▸ Exercise requirements
Beginning with the line containing "Top In Black" and ending with the line containing "Simbología = Simbology;", write out each line of the records below exactly; pictures and lines outside that range are left out.

▸ Supplied records
★ ★ ★ ★ ★
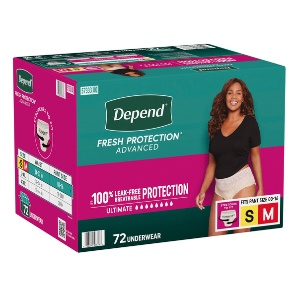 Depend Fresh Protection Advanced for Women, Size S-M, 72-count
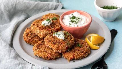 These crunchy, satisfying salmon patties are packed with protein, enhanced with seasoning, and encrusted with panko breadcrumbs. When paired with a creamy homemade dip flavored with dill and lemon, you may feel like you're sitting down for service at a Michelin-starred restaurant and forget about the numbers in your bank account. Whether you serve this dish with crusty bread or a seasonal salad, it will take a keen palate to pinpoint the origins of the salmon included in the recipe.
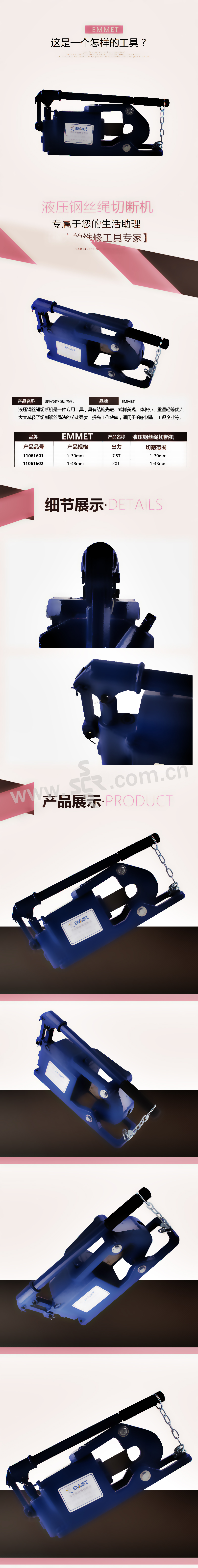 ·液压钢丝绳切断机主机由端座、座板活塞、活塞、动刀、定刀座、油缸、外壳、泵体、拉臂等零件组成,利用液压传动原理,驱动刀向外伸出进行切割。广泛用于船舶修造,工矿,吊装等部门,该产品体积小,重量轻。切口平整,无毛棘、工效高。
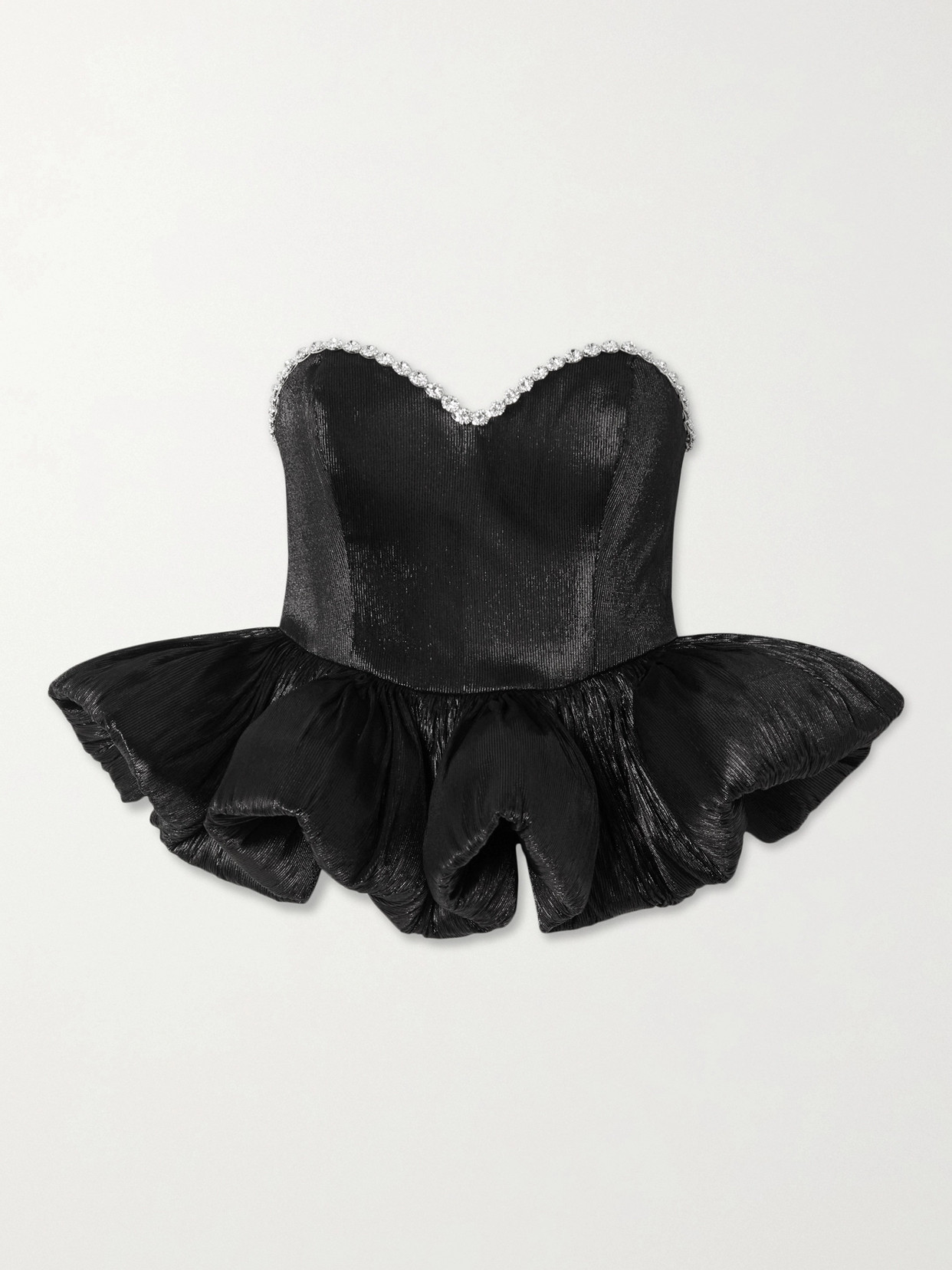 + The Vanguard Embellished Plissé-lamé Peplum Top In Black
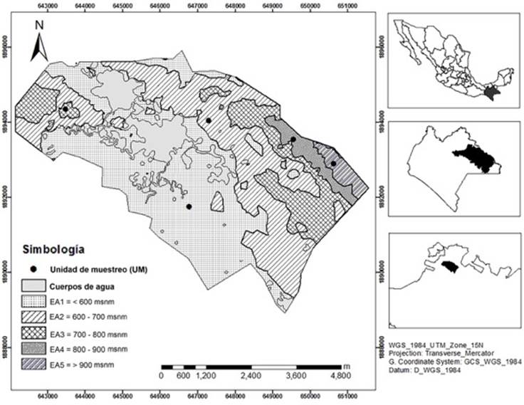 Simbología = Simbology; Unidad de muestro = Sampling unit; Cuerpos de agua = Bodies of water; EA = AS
★ ★ ★ ★ ★
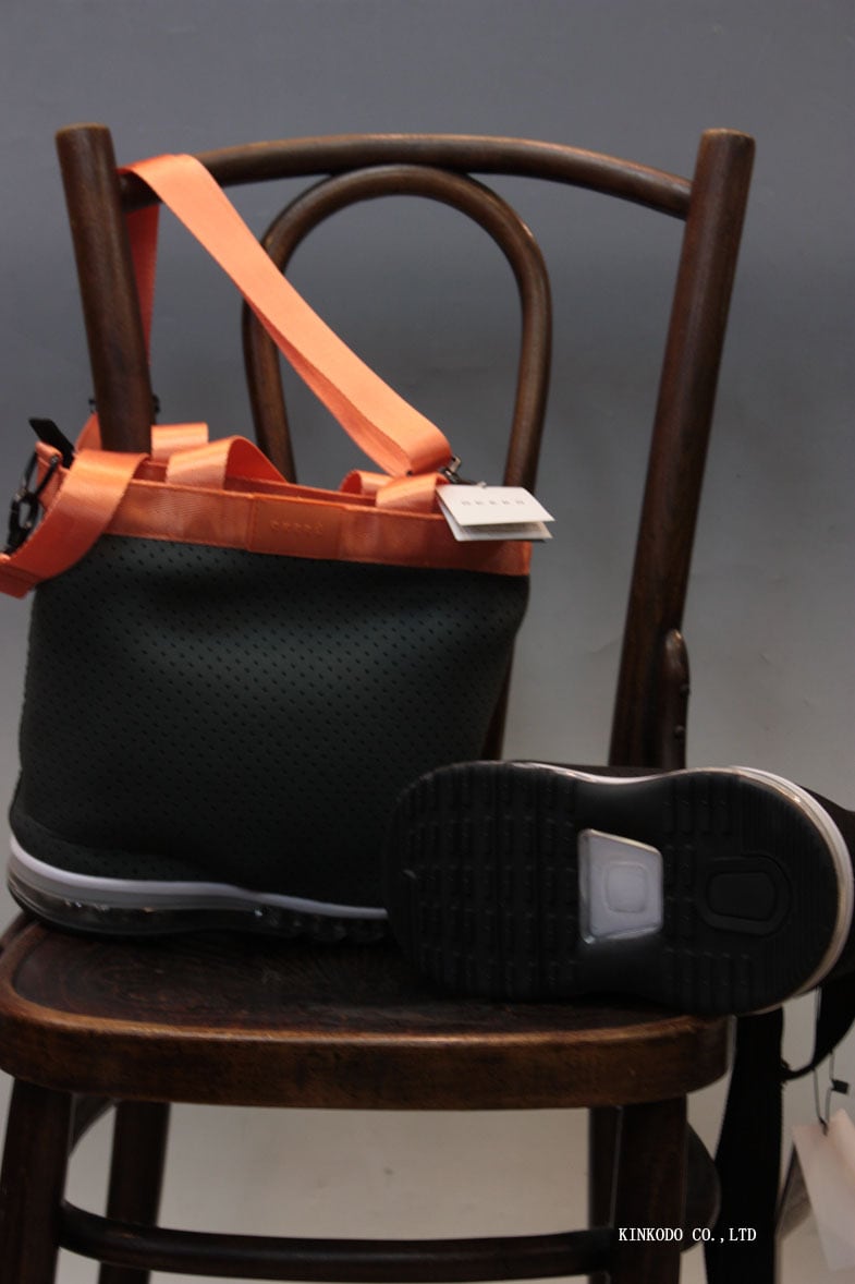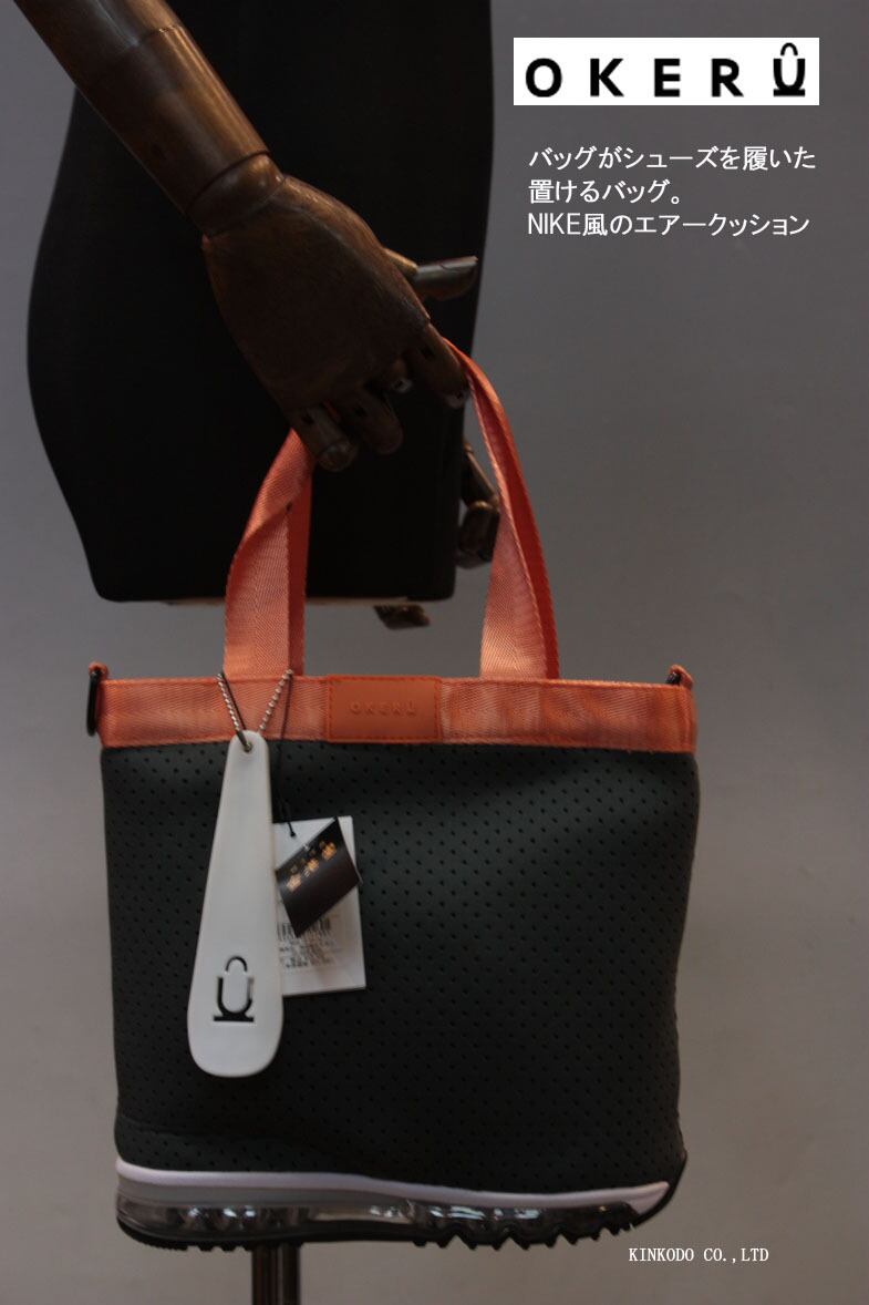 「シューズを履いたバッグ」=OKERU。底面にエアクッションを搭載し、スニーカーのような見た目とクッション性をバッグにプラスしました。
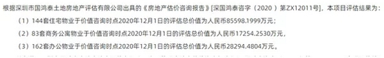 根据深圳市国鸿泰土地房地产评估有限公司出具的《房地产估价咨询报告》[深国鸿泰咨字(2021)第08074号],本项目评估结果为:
★ ★ ★ ★ ★
▸ Answer box
 + The Vanguard Embellished Plissé-lamé Peplum Top In Black
 Simbología = Simbology; Unidad de muestro = Sampling unit; Cuerpos de agua = Bodies of water; EA = AS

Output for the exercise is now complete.